Try using a different AOSP ROM?

feel the boom from my rooted thunderbolt


----------



## mandog202 (Jun 7, 2011)

belber095 said:


> Try using a different AOSP ROM?
> 
> feel the boom from my rooted thunderbolt


yep, it's not as bad with omfgb, so i've since switched to that


----------



## belber095 (Oct 12, 2011)

mandog202 said:


> yep, it's not as bad with omfgb, so i've since switched to that


Give liquid thunderbread 3.0 if you get a chance.

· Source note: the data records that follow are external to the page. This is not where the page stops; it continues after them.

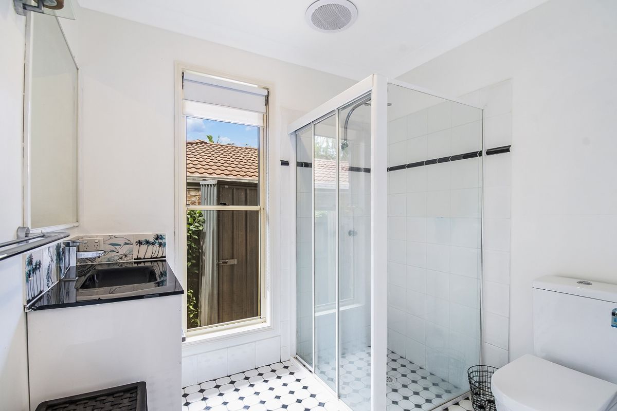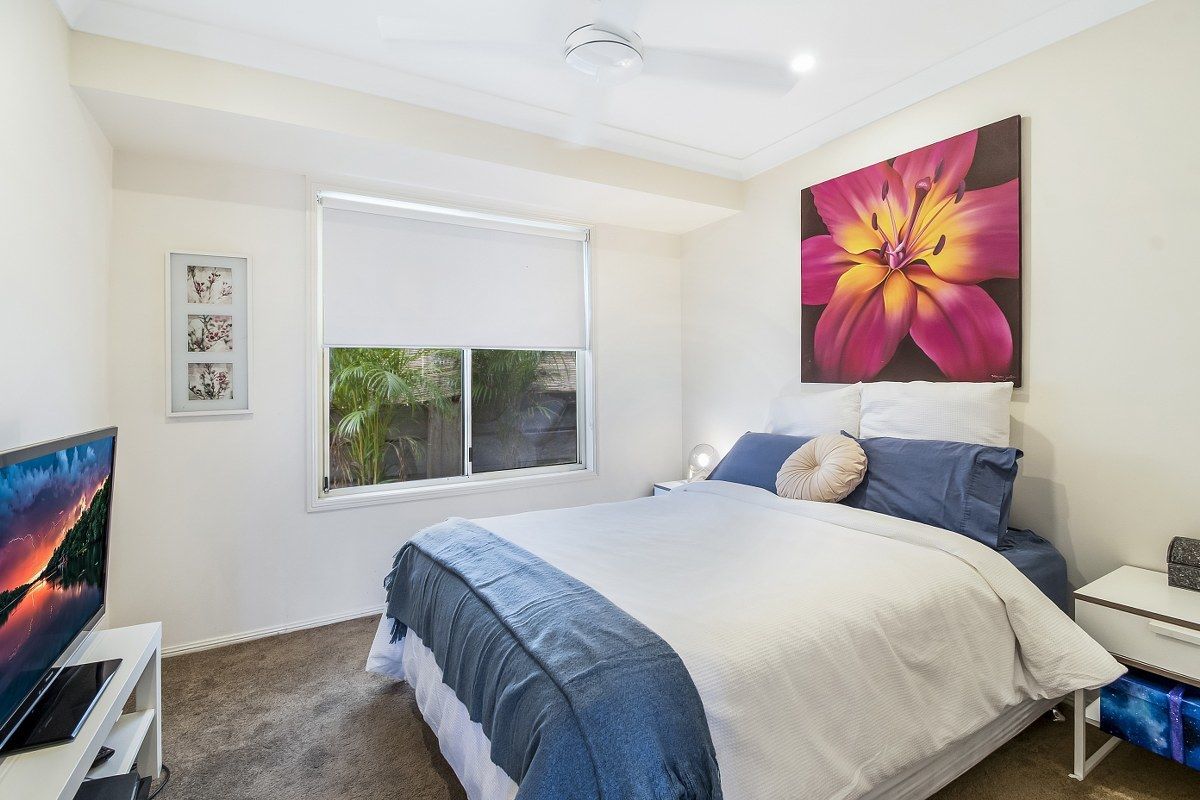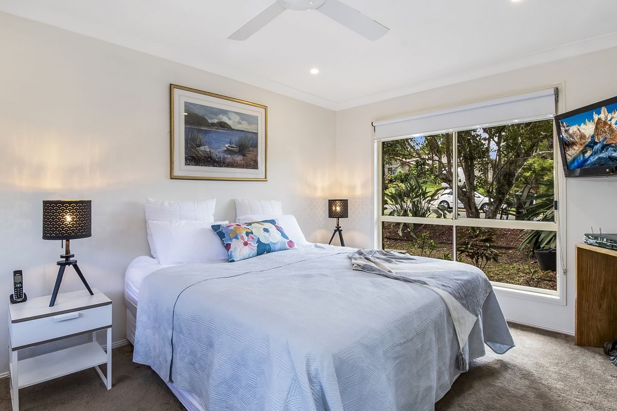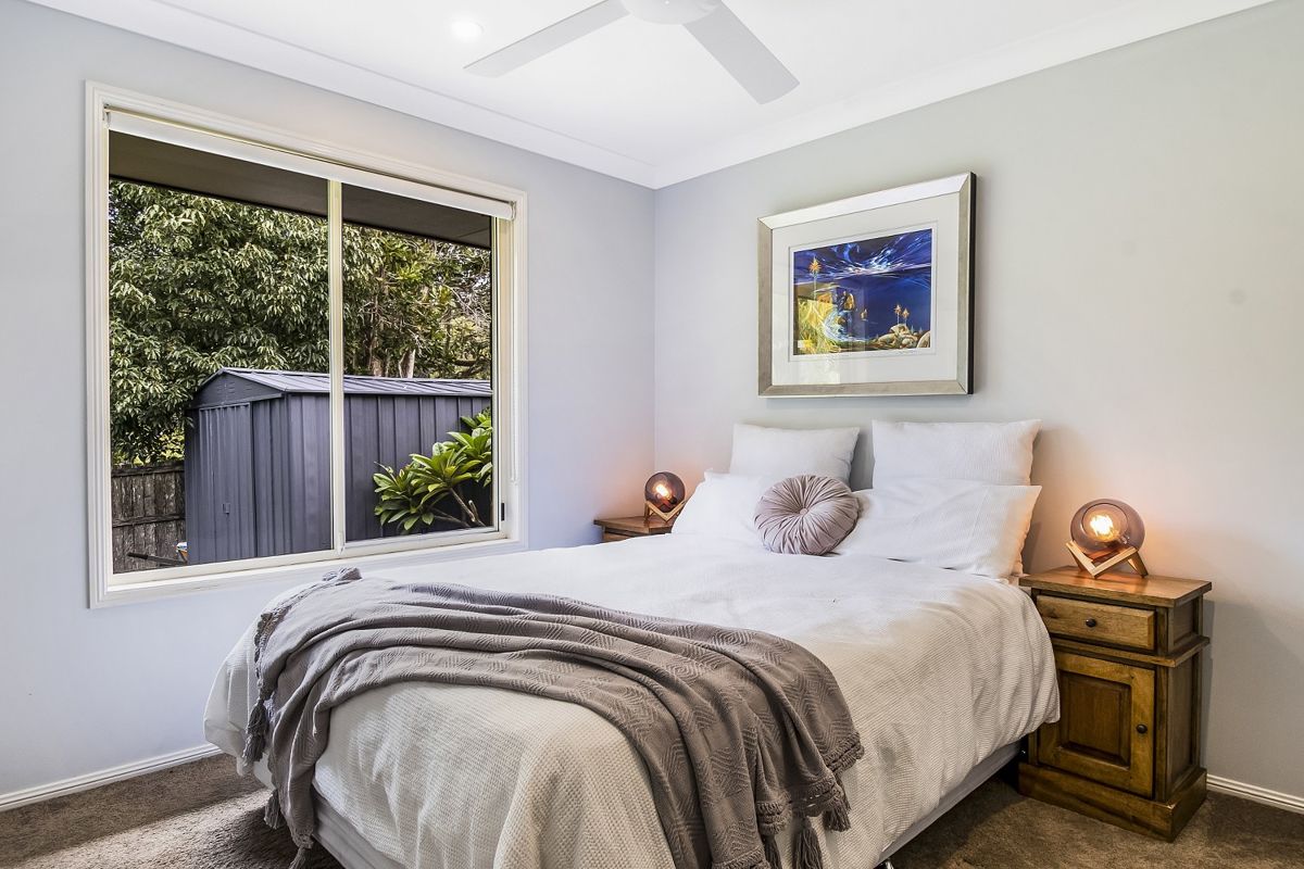 Bedrooms two and three overlook the green vista of Tallow Creek and surrounding bushlands, sharing a two-way bathroom with separate toilet, bath and shower.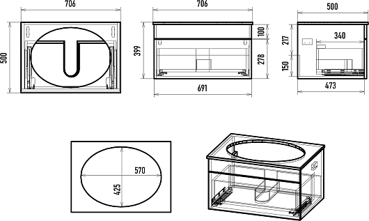 - Направляющие скрытого монтажа с механизмом плавного закрытия.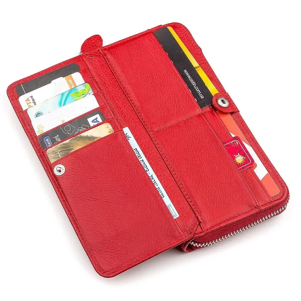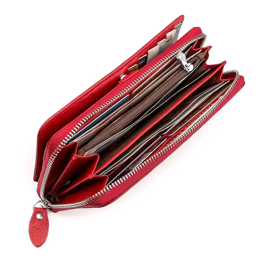 Дана модель гаманця виробляється з якісної та міцної шкіри , а всередині оброблений текстилем. Аксесуар дуже практичний і місткий, особливо сподобається людям, які мають багато платіжних карток, яких тут можна розмістити цілих 18, завдяки окремому блоку зі зручними сегментами, і фіксацією на кнопку. У нагоді і бічні кишені, а закривається гаманець на блискавку. Такий аксесуар стане чудовою прикрасою і підійде як подарунок для рідних та друзів, адже він має шикарний зовнішній вигляд і дуже якісно пошитий.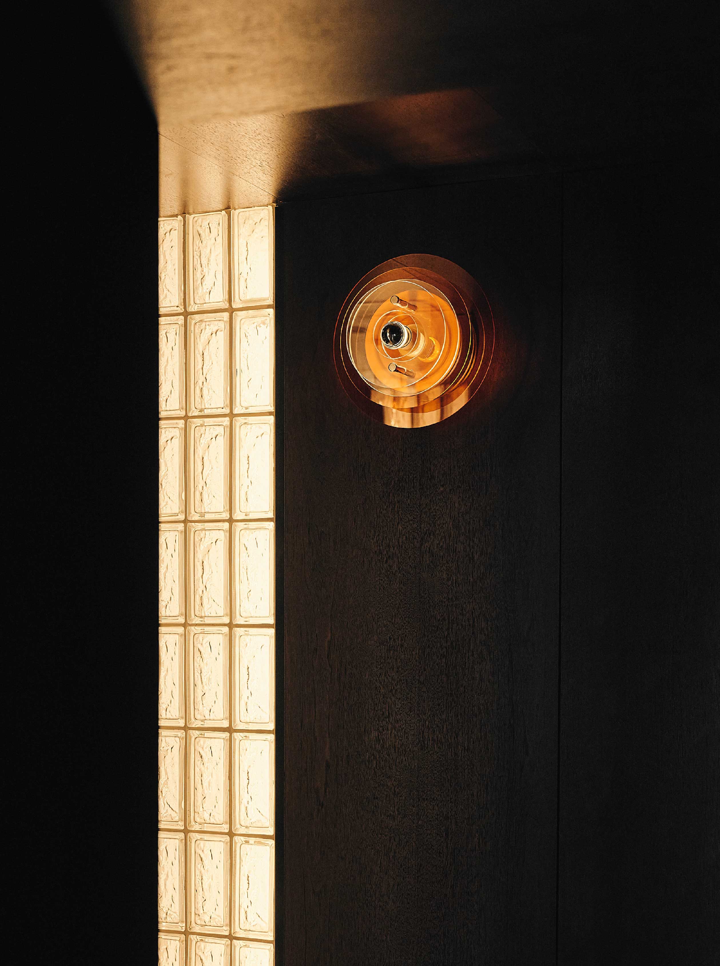 洗手間則成為另一處令人驚喜的端景,安排透光的玻璃磚牆、不鏽鋼復古洗手槽與橙色壁燈交織,打造出讓人一拍再拍的打卡端景。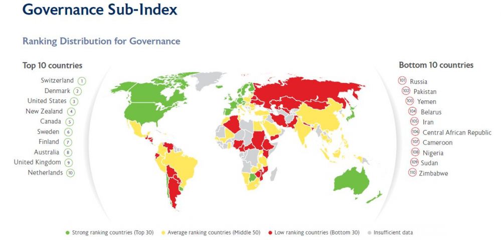 Рисунок 4. Мировая карта управления (источник: Legatum Institute)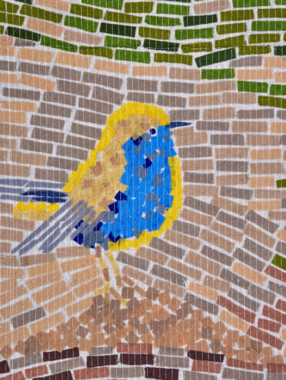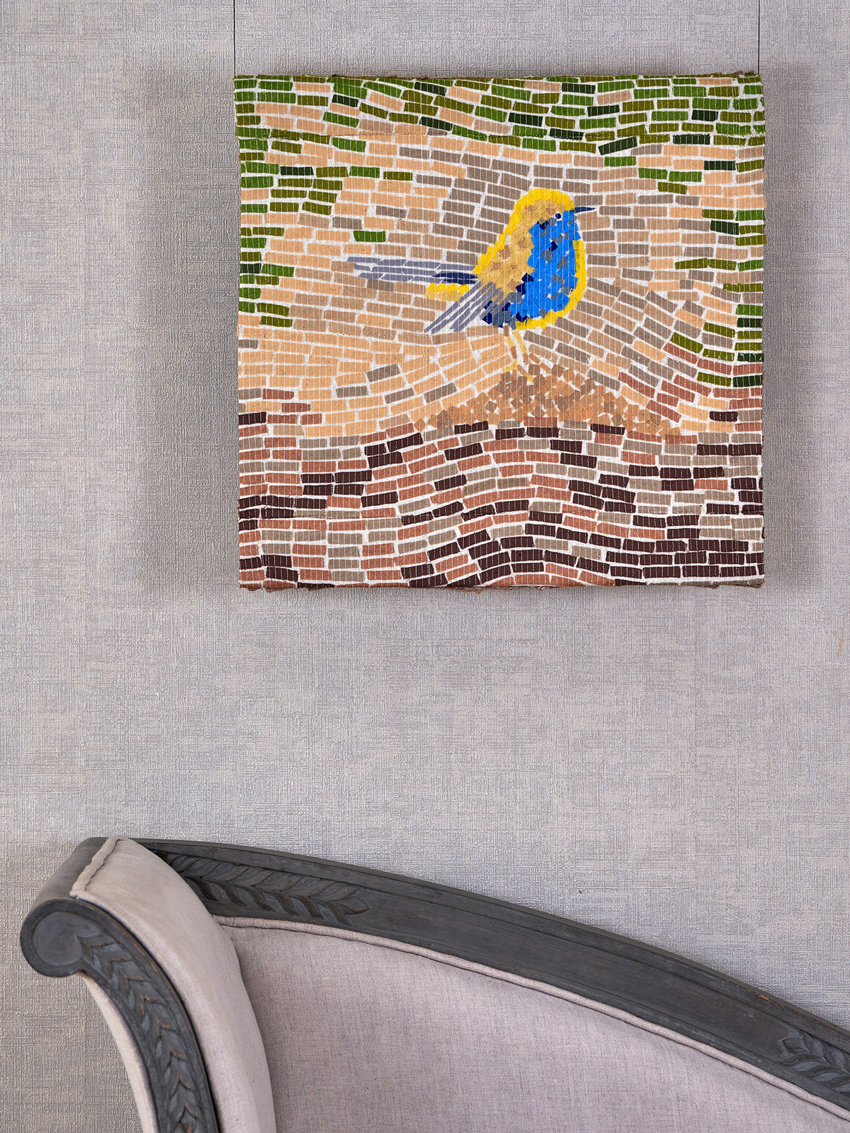 These are an assortment of various birds. Each has a distinct look created from its habitat. These small hangings are delightful and refreshing. The fabric pieces create the depth and render the colours of the bird which is a complex composition of  colours. The Fabric pieces impart a unique texture that lends to the ensemble. The hanging is backed by banana fibre and finished with jute. This adds the crispness and the jute detail makes it interesting from the reverse hence making it a unique space divider.

feel the boom from my rooted thunderbolt


----------



## mcmillanje (Jun 6, 2011)

I don't have an exact answer for you, but you could go to the universal online theme kitchen (google it) and crate a theme there. Once you've done that, you couldopen up the zip file produced, and swap out the image files etc...


----------



## nhat (Aug 21, 2011)

touch my bamf sounds like something you'd like.


----------



## psycho_maniac (Jun 9, 2011)

I've never heard of this problem just on cyanogenmod. Have you looked at your actual signal strength? The bars make no difference.


----------



## mandog202 (Jun 7, 2011)

on CM7 the drops usually start around -95dbm. It does do it on omfgb but not as often, i've seen the signal as low as -111 and data remains connected


----------



## dickenam (Jun 14, 2011)

There were 2 threads in this forum about the same general thing, Merged.


----------